▶ _Problem description_: Please return the lines from the one with "そのそばで見守ったのは、立浪" through the end of the listing below, word for word, with every picture left out.

▶ _Data excerpt_:

*** Block opens ***

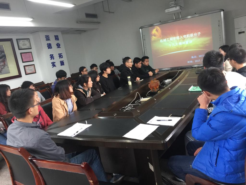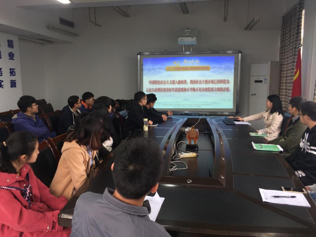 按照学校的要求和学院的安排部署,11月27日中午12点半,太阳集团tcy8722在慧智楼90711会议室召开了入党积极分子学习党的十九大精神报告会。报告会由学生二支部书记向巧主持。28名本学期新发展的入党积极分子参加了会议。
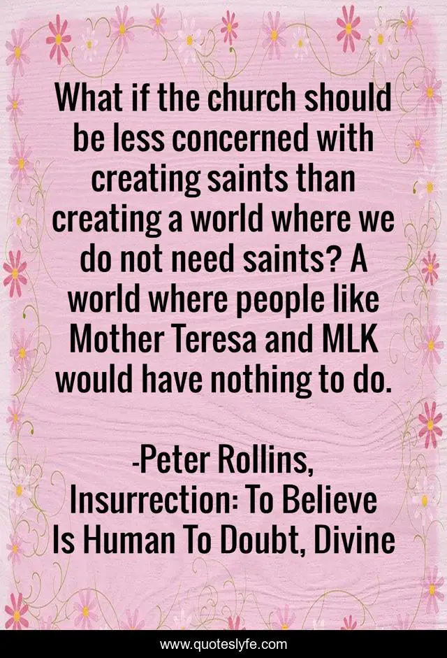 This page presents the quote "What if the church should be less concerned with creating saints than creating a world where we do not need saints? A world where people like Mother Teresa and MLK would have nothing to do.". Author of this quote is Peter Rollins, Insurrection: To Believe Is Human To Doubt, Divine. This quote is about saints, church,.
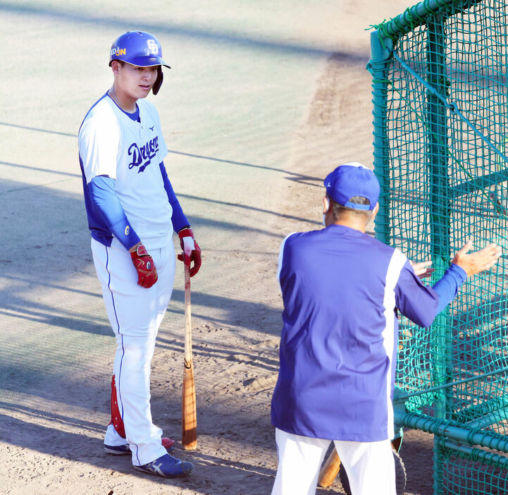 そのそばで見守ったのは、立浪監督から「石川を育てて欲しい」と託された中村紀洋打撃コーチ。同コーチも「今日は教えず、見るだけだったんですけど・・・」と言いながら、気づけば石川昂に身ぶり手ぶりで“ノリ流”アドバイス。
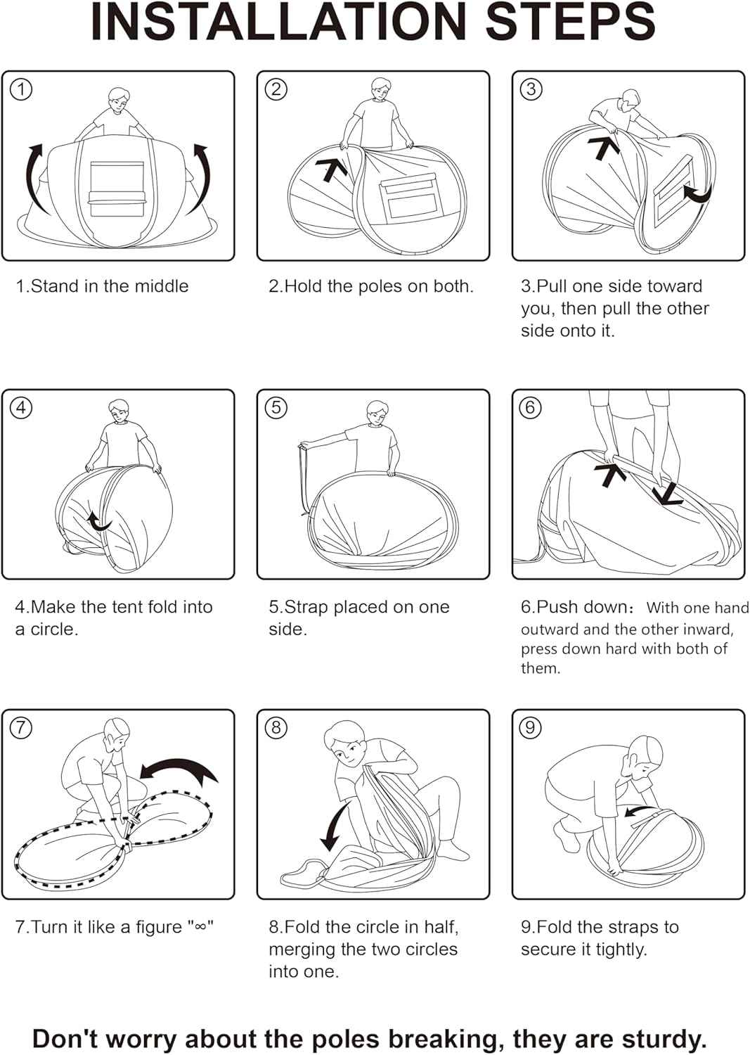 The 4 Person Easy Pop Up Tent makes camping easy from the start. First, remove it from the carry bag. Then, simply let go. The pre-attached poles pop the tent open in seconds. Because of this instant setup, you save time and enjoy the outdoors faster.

*** Block closes ***

▶ _Written solution_:
 そのそばで見守ったのは、立浪監督から「石川を育てて欲しい」と託された中村紀洋打撃コーチ。同コーチも「今日は教えず、見るだけだったんですけど・・・」と言いながら、気づけば石川昂に身ぶり手ぶりで“ノリ流”アドバイス。
 The 4 Person Easy Pop Up Tent makes camping easy from the start. First, remove it from the carry bag. Then, simply let go. The pre-attached poles pop the tent open in seconds. Because of this instant setup, you save time and enjoy the outdoors faster.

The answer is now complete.